# Richtige lüfter möntage im chieftec cs 901



## B-rabbit1984 (22. April 2009)

*Richtige lüfter möntage im chieftec cs 901*

HAy leute!!!

Wollte euch mal fragen wie ich am besten im mein Gehäuse von chieftec cs 901 die lüfter montiere ,damit der lüfter strom gut durch geht, mache mal paar bilder rein damit man sich ein bessers bild machen kann.

Bitte nicht wunderen wegem kabelsalat wird dem nächst gemacht sobald das neue NT da ist

währe coll wenn ihr mir helfen könnt danke


----------



## speedymike (23. April 2009)

*AW: Richtige lüfter möntage im chieftec cs 901*

naja, prinzipiell würd ich sagen vorne / links auf der seite sollen die lüfter reinsaugen
hinten sollten die / der lüfter die warme luft rauspusten.

ob dir die frontlüfter was bringen wag ich zu bezweifeln - die haben ja keine möglichkeit frischluft anzusaugen, die wirbeln mmn nur die eh schon vorhandene luft im case durcheinander ...


----------



## madace (23. April 2009)

*AW: Richtige lüfter möntage im chieftec cs 901*

Also in meinem CS 901 sieht es ein wenig anders aus. (von Anfang 2007) - siehe Bild

Ich habe es so gelöst, dass ich jeweils in die Festplattenkäfige Lüfter (@1000 RPM) verbaut habe, die Luft Richtung Platte & Gehäuseinneres pusten (bei mir sind Halterung bereits integriert; bei dir sehe ich spontan auf den Bildern keine; könnten aber dennoch da sein...ist so ein lila "Plastik-Einschub")

Und unter den 2 Festplattenkäfigen ist auch noch mal ein Lüfter, der das gleiche tut.

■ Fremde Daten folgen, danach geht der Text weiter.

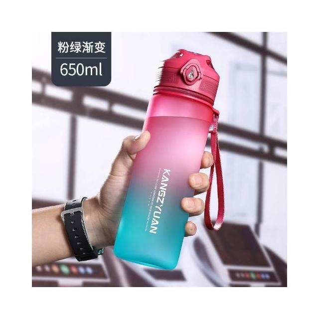 買一送一 KANGZYUAN康知緣幻影漸變TRITAN運動水壺650ml 耐溫磨砂質感 附提繩 安全扣防漏彈蓋式運動水壺
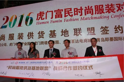 第21屆中國(虎門)國際服裝交易會暨2016虎門時裝周再度演繹了虎門服裝的錦繡繁華,期間的活動相當豐富,而18日舉行的“2016虎門富民時尚服裝對接會”無疑是重頭戲之一。 現場,中國紡織工業聯合會副會長楊紀朝,虎門鎮黨委副書記祁耀權,中國紡織工業聯合會流通分會副會長朱國學,廣東省服裝服飾行業協會會長卜曉強,廣東虎門集團總經理鄭慶疇、副總經理劉潔航等出席活動,此外還有來自廣東、山東、遼寧、北京、江西、湖南等地服裝服飾行業的領導和嘉賓。 對接會現場舉行了“時尚服裝供貨基地聯盟”簽約儀式。為加強合作交流,構建多贏平臺,富民時裝城重點打造了時尚服裝的供貨基地,與虎門電商產業園、中國郵政(虎門跨境電商園)、虎門百達電商城、青島即墨國際商貿城達成了“時尚服裝供貨基地聯盟”的戰略合作,并在現場舉行了簽約儀式。
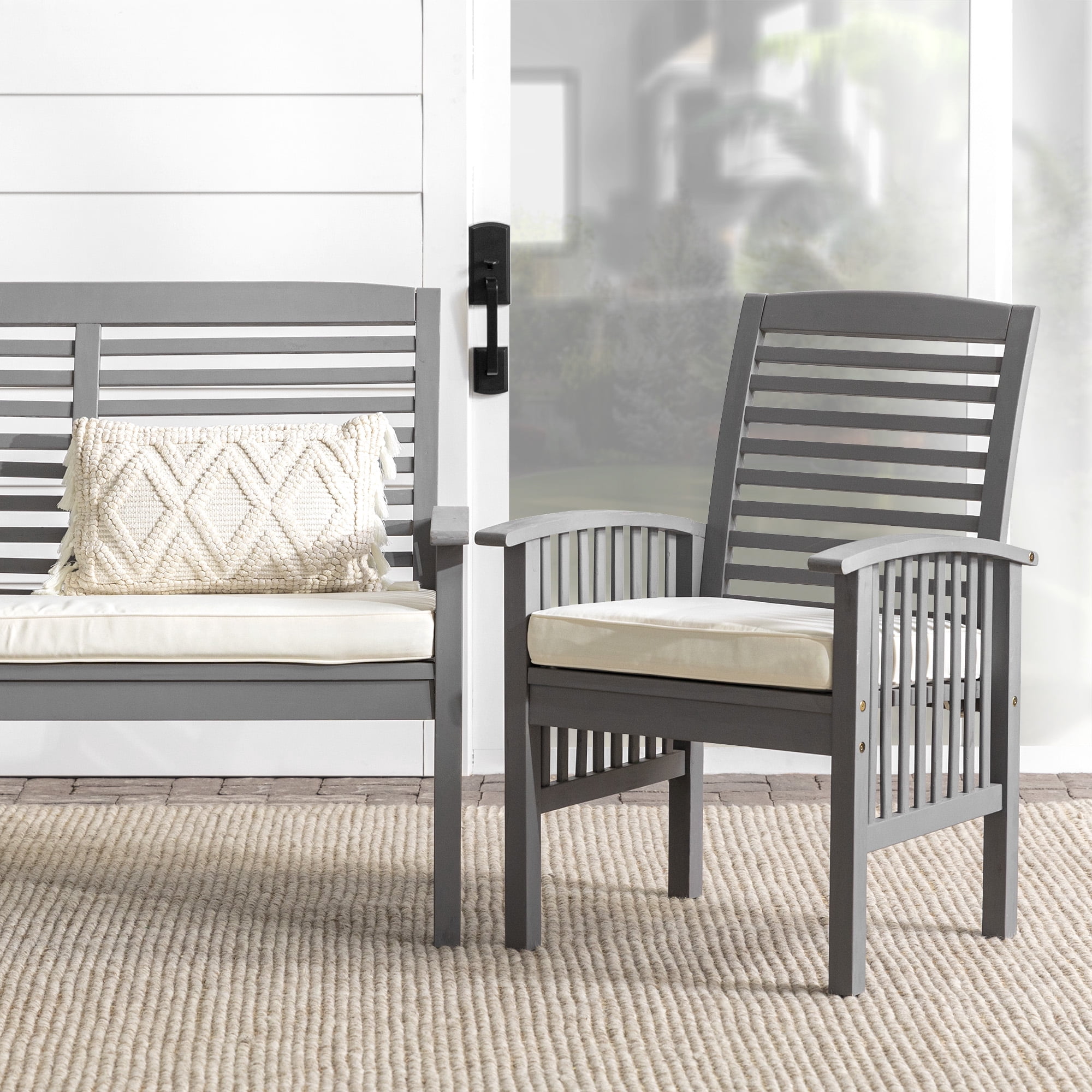 Gather the neighbors around the Daffodil Modern Outdoor Grey Wash 3 Piece Chair Set by Walker Edison for engaging conversation on a warm summer night. The plush cushions of the two chairs and loveseat present the perfect resting place after a long day of yard work or playing in the sun. Slatted backrests and arms provide a natural, boho ambiance for a truly relaxing backyard setup. And you don’t have to worry about finding a new set anytime soon because the weather-resistant solid acacia build will last for many years to come. Just make sure to add teak oil when needed and keep out of extreme temperature for the longest use.
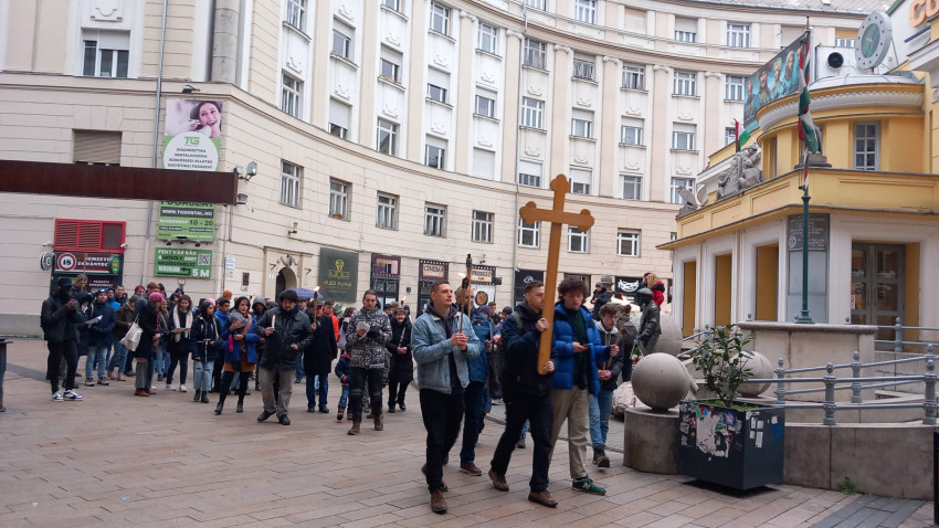 Az Óperint utcai hídtól indult a keresztút, végállomása ezúttal is a Szent István-szobor volt. Az egyes stációk között különböző plébániák, egyházmegyei és egyházi szervezetek képviselői, kispapok vitték a keresztet és közben felidézték Krisztus szenvedését, megfogadva: méltóvá teszik életüket Őhozzá.

Luft rauspusten lasse ich direkt hinter dem CPU-Kühler. So wird alles im Gehäuse schön gekühlt.




			Dieser Inhalt steht nur eingeloggten Mitgliedern zur Verfügung.


----------



## B-rabbit1984 (23. April 2009)

*AW: Richtige lüfter möntage im chieftec cs 901*

das unter festplatten teil habe ich raus gemacht und die Plastik-Einschub" sonst hätte die pumpe nicht rein gepasst
#


----------



## Jazzman (23. April 2009)

*AW: Richtige lüfter möntage im chieftec cs 901*

also am einfachsten ist vorne rein hinten raus
kannst du den Lüfter neben der pumpe nicht an den Einlass montieren, dann kommt schonmal frische Luft rein,
hinten ist auch noch platz für einen Lüfter (80er?) da würde ich einen montieren
falls die Grafikkarte auch Wassergekühlt ist würde ich den Seitenlüfter entfernen
und alle anderen überflüssigen Lüfter entfernen dann wirds auch nen bisel leiser


----------



## Widowmaker_1 (23. April 2009)

*AW: Richtige lüfter möntage im chieftec cs 901*

So sah das bei mir aus


----------



## madace (23. April 2009)

*AW: Richtige lüfter möntage im chieftec cs 901*

Genau das meinte ich auch 
So sieht es akt. bei mir auch aus - wie bei widowmakers Bild.


----------



## B-rabbit1984 (24. April 2009)

*AW: Richtige lüfter möntage im chieftec cs 901*

ach werde mir ein neues gehaüse z legen in nährere zeit mal was ich holle was nicht zu teuer ist das ist nicht mehr so jut das gehaüse von chieftec cs 901


----------



## james07 (26. April 2009)

*AW: Richtige lüfter möntage im chieftec cs 901*

habe zwar nur das 601 aber meine Temp sind Top. Lüfter ähnlich wie Widowmaker_1 nur das ich den vorderen ein 120iger habe und 1x 120 in der Decke, Tem CPU 23Grad, GK 36 Grad und alles mit silent Komponenten


----------